Problem description: Quote the entries below from the line with "Icona dipinta a" through the line with "2、进入个人中心后点击【技术", both ends included, and only those lines.

The records:
Start of Block

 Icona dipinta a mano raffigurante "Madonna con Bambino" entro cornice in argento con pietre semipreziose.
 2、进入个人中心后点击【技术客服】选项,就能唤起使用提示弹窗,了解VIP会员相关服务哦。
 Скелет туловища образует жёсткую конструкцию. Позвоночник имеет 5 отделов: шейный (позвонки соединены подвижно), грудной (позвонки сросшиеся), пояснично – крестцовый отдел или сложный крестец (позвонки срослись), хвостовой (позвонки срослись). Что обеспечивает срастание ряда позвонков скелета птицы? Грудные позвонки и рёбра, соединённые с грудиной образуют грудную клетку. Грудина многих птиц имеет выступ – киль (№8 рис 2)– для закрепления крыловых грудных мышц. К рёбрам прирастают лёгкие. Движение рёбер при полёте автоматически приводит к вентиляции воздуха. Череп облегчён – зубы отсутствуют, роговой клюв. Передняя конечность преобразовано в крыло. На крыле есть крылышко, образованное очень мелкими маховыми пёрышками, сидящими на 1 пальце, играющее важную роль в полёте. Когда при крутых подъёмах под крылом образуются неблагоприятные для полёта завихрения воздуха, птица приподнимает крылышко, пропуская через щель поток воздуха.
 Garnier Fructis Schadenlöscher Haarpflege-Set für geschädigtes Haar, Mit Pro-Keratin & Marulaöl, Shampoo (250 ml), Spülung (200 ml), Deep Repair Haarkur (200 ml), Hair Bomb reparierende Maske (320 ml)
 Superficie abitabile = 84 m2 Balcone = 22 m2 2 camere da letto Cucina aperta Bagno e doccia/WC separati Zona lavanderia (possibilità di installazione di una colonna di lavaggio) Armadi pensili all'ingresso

End of Block
Start of Block

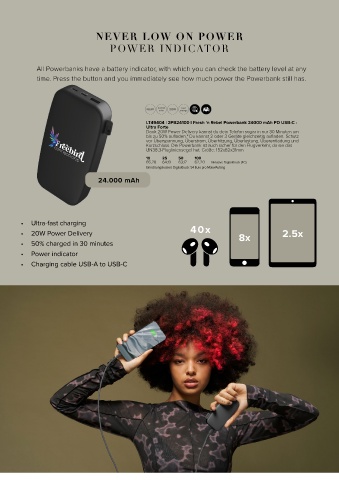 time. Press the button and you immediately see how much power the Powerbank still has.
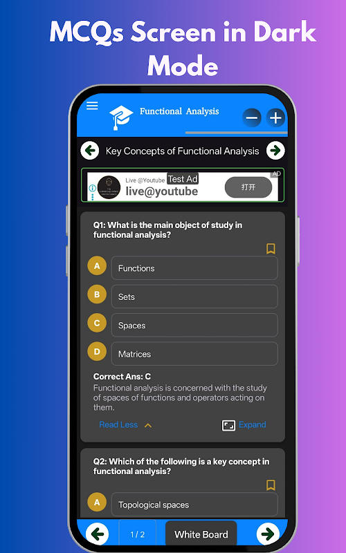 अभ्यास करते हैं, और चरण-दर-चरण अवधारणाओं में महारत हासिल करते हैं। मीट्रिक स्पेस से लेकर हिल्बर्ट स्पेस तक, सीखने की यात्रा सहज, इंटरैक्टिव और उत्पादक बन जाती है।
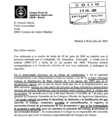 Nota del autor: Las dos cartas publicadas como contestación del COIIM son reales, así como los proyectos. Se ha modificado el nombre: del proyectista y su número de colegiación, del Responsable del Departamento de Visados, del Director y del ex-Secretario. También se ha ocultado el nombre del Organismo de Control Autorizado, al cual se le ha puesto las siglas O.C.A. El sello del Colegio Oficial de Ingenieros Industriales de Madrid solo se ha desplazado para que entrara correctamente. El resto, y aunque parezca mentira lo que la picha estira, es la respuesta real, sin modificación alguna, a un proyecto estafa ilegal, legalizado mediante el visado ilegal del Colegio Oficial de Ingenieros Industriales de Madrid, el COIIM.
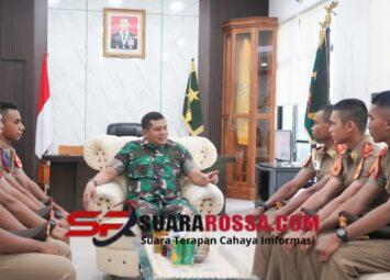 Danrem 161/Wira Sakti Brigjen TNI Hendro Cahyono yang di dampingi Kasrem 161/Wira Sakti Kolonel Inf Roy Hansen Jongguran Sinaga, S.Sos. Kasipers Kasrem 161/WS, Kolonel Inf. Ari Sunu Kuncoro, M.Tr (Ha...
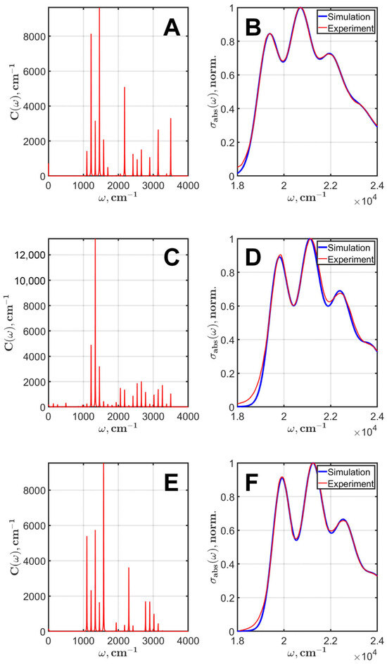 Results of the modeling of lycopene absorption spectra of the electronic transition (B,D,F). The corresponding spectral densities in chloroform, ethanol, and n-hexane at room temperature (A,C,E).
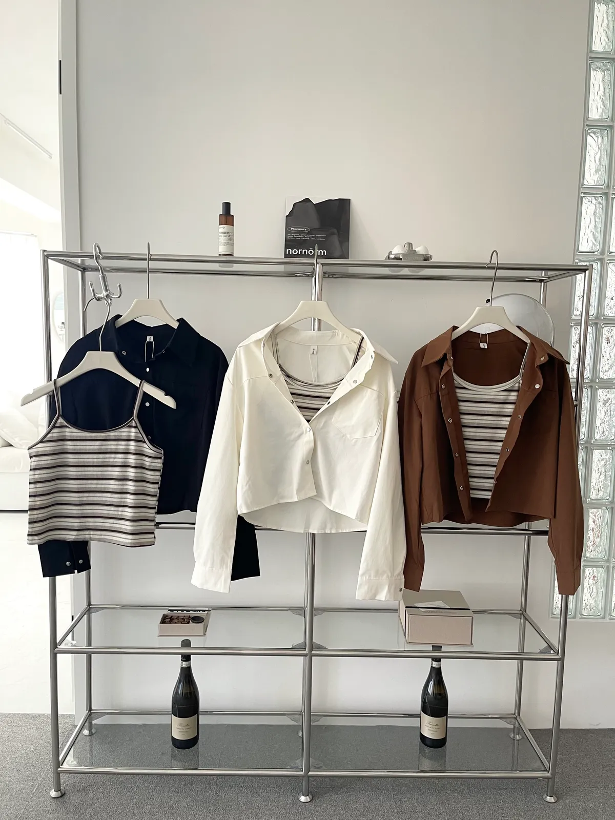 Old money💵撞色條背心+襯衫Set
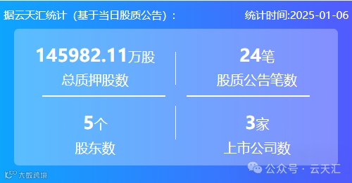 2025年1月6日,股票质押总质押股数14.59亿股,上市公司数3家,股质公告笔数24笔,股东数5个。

End of Block

Answer box:
 Icona dipinta a mano raffigurante "Madonna con Bambino" entro cornice in argento con pietre semipreziose.
 2、进入个人中心后点击【技术客服】选项,就能唤起使用提示弹窗,了解VIP会员相关服务哦。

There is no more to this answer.